Potrei farti una lista infinita, ma mi limito ai punti necessari per permettere a questo professionista di liberarsi delle catene che lo tengono al palo e non gli permettono di evolvere.

Innanzi tutto il Codice Deontologico: abolire completamente l’art. 49 che demansiona di fatto l’Infermiere.

Se è vero come è vero che il Codice Deontologico è l’insieme delle regole di autodisciplina e di comportamento che si detta un gruppo di professionisti alla luce dei valori della professione stessa, non vedo perché dobbiamo sottostare a quest’articolo, scritto da pochissimi, e che la gran parte degli infermieri  vorrebbero cancellare.

Il giuramento degli infermieri: sembra più il giuramento delle suore quando prendono i voti che il giuramento fatto dai professionisti della salute del XXI secolo.

E’ evidente il fallimento totale del corso triennale più la magistrale gestito per moduli, che crea lacune enormi e sforna professionisti obbligati  successivamente a tornare ai corsi privati per completare la loro formazione di base.

Innanzitutto toglierei infermieristica 1: il rifacimento dei letti, l’igiene del paziente o come si passa il vitto non può essere compito del responsabile dell’assistenza infermieristica ed è una vergogna solo assistere a quelle lezioni, pensando che ci troviamo nella facoltà di Medicina e Chirurgia.

E’ arrivato il momento di avere una laurea a ciclo unico uguale per tutti, abbandonare i moduli per un corso universitario che si occupi di tutta la formazione inserendo al suo interno temi fondamentali come: BLSD, ALS, wound care, Pic e Midline, lettura ECG e tanto altro che ora, gli studenti, sono  costretti a  frequentare presso dei Provider dopo aver conseguita la laurea.

Successivamente si avrà accesso alle varie specializzazioni previste dalla legge 42/2006 e riprese dalla legge 190/2014 al comma 566, attraverso dei master universitari che faranno dell’infermiere uno specialista.

Credo sia fondamentale un piano di studi del genere se vogliamo stare a pari livello dei medici e avere la piena autonomia professionale.
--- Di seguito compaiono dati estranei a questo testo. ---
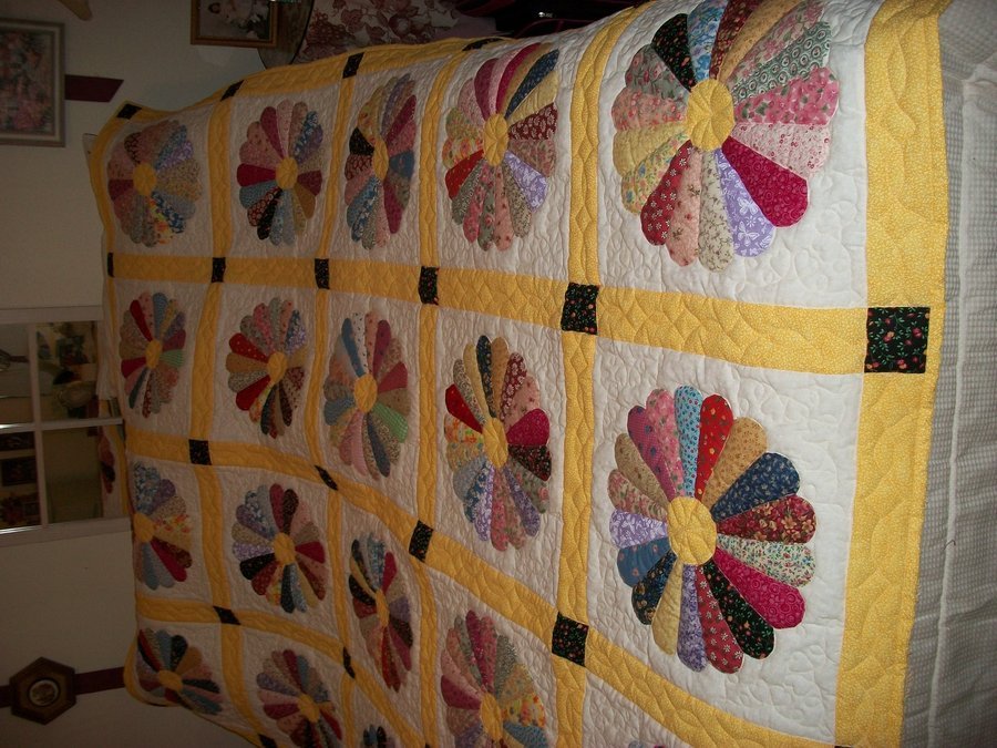 jean082 My Dresden - I have misplace the quilt magazine but used the pattern from there Machined Appliqued the medallion onto White background This was first quilt done on my new Babylock Crown Jewel using ruler, stencil, and pattern I used a thick batting so the quilting would show
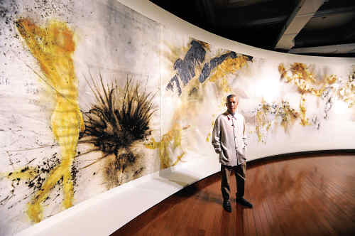 蔡国强和他的爆破草图作品《昼夜》。 新华社发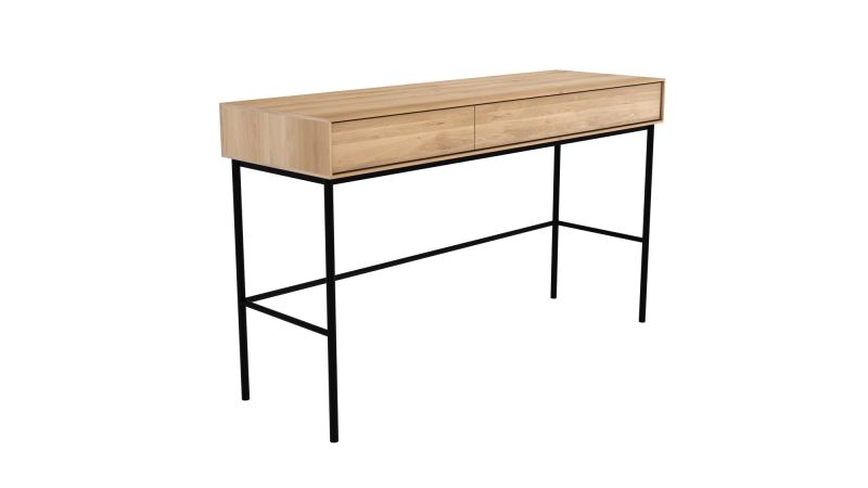 Blackbird Schreibtisch aus Eiche von Ethnicraft mit zwei Schubladen und schwarzen Metallbeinen.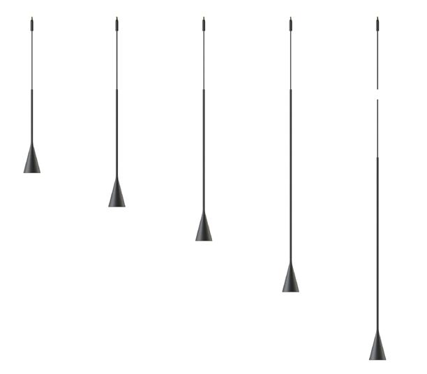 In all versions the luminaire is always black, but can be customized. The wire and the Core can’t be customized.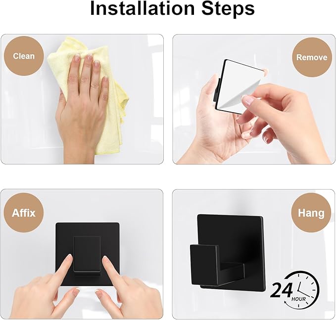 - [No Tools, No Hassle] Installation is a breeze—no drilling or tools needed! Just peel off the adhesive film, stick to smooth surfaces like tile, glass, or metal, and wait 24 hours for a secure hold. Easy, quick, and damage-free.
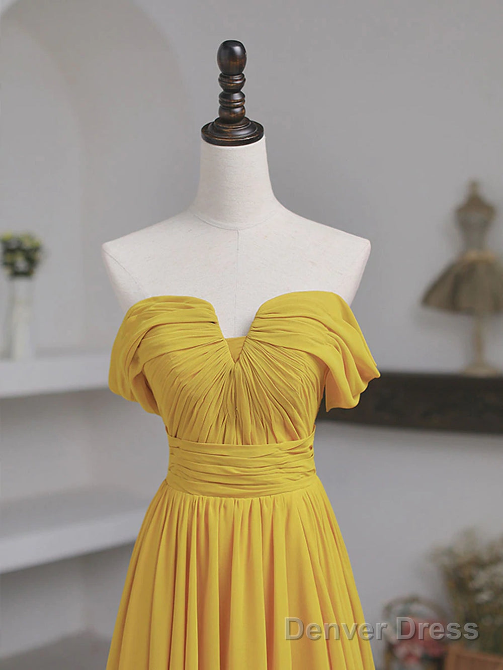 Off The Shoulder Yellow Chiffon Long Prom Dresses, Yellow Long Formal Bridesmaid Dresses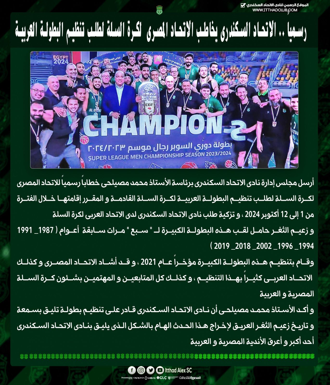 أرسل مجلس إدارة نادى الاتحاد السكندرى برئاسة محمد مصيلحى خطابًا رسميًا للاتحاد المصري لكرة السلة، لطلب تنظيم البطولة العربية لكرة السلة القادمة، والمقرر إقامتها خلال الفترة من 1 إلى 12 أكتوبر 2024، وتزكية طلب نادي الاتحاد السكندري لدى الاتحاد العربي لكرة السلة.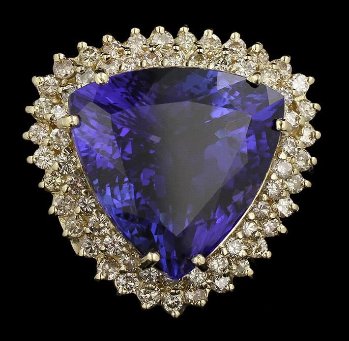 One electronically tested 14KT yellow gold ladies cast tanzanite and diamond ring with a bright polish finish. Condition is new, good workmanship. The featured tanzanite is set within tiered diamond bezels supported by a lattice under gallery, completed by a three and one-half millimeter wide band. Identified with markings of "K14". Containing: One prong set triangular modified brilliant cut natural tanzanite, measuring 19.31 x 19.35 x 12.36mm, exact weight 29.67ct., clarity is eye clean, type I, dark, very slightly grayish, violetish blue color, (GIA vB 7/3), cut is good. Transmitting light with no distortion, transparent. GIA Colored Stone Grading Report attached. Graded loose prior to setting in the GIA Laboratory, Report #6157735278. Tanzanite is a very rare gemstone that is only found in the country of Tanzania. Originally discovered in 1967. Tiffany & Company, named the stone Tanzanite. It is found in the Usumburu Mountains that border the Umba Valley of northern Tanzania. Tanzanite occurs in gray, brown, violet, blue, reddish-purple, & green. The gem is interesting because of its exceptional pleochroism. Rotated in different directions a tanzanite will exhibit multiple changes of color. Tanzanite has a low tolerance to ultrasonic cleaning, and should not be cleaned using this method. Sixty-three prong set round brilliant cut diamonds, measuring 2.20 - 2.00 x 1.26mm (depth est.) approximate total weight of 63 Stones = 2.23ct. Faint brown secondary color throughout. Graded in the setting. Clarity VS-2 to SI-2. Color K - M. Total Weight of Colored Stones 29.67ct. Total Weight of Diamonds 2.23ct. Total Weight of Ring 18.64gm. AIG Appraised at $87,710.00.

Non si può pensare di voler crescere senza abbandonare una formazione che risale alla notte dei tempi e soprattutto non si può permettere, dopo che si è voluta l’equipollenza quasi un ventennio fa, che ora si torni a pensare a diversi livelli professionali per gli infermieri, modello tipico degli anni ’70 del secolo scorso.